BEGIN SUPPLIED MATERIAL
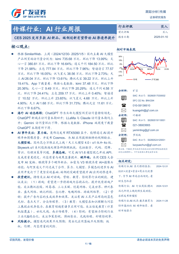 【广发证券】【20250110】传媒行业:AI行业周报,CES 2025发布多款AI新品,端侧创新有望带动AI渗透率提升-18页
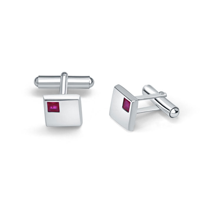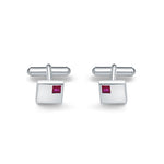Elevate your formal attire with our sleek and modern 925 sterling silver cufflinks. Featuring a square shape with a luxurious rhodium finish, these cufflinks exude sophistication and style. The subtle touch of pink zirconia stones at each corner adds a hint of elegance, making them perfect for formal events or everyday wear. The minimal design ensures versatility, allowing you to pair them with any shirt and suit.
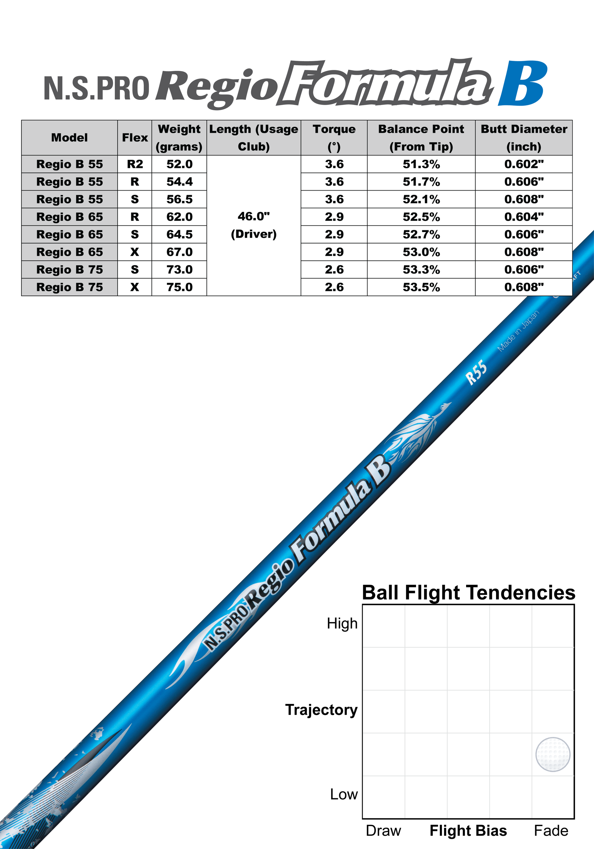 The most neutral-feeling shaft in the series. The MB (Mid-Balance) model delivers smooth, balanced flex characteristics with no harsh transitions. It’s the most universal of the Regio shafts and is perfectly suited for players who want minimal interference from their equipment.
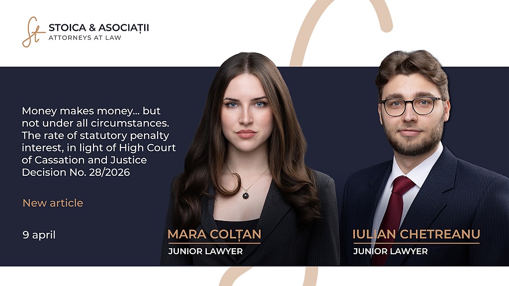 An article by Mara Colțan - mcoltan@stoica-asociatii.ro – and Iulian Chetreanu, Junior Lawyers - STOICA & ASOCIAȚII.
END SUPPLIED MATERIAL
BEGIN SUPPLIED MATERIAL
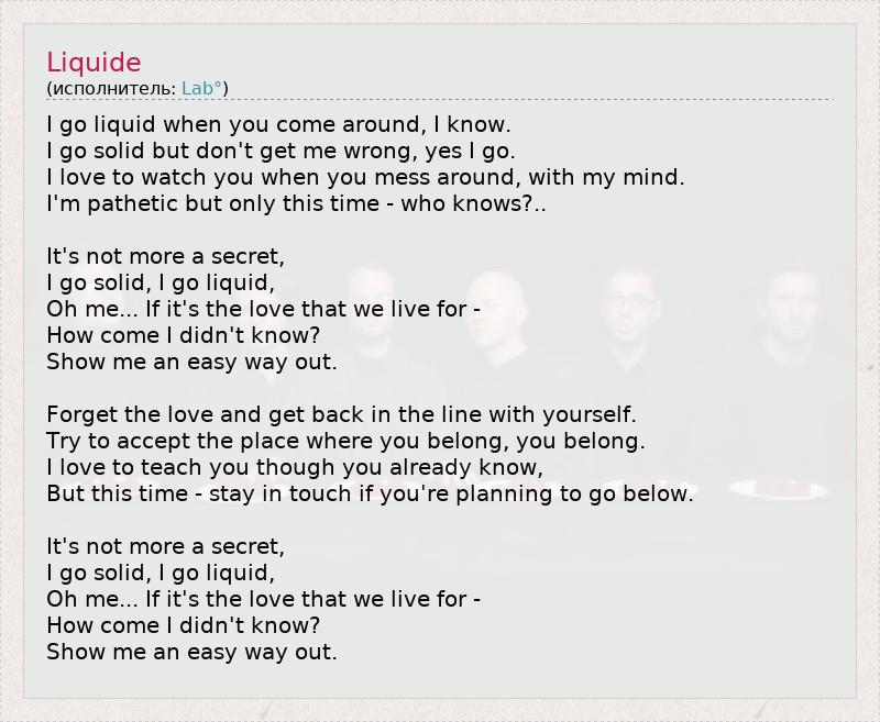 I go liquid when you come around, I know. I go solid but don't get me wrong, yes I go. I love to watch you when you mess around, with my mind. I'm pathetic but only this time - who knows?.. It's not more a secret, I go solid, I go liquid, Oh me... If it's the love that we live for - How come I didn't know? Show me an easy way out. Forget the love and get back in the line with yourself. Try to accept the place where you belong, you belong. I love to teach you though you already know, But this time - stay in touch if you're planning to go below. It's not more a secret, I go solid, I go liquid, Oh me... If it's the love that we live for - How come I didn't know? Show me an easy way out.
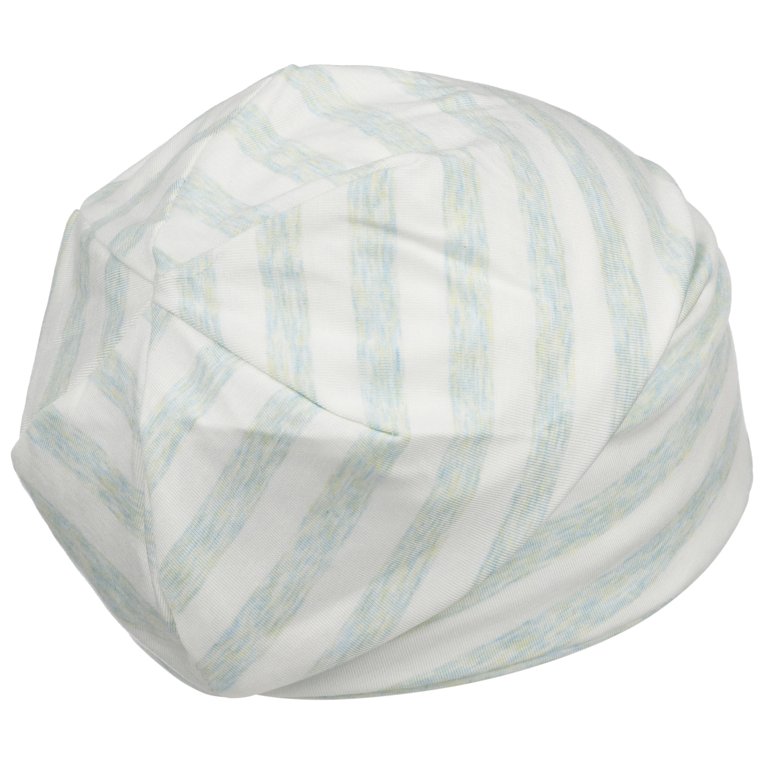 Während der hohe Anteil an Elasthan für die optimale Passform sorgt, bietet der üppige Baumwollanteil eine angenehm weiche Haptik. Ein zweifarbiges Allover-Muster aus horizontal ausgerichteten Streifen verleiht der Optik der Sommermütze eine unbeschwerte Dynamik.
END SUPPLIED MATERIAL
Within the listing above, extract exactly the lines that run from the one containing "The most neutral-feeling" through the one containing "An article by", excluding any pictures.

 The most neutral-feeling shaft in the series. The MB (Mid-Balance) model delivers smooth, balanced flex characteristics with no harsh transitions. It’s the most universal of the Regio shafts and is perfectly suited for players who want minimal interference from their equipment.
 An article by Mara Colțan - mcoltan@stoica-asociatii.ro – and Iulian Chetreanu, Junior Lawyers - STOICA & ASOCIAȚII.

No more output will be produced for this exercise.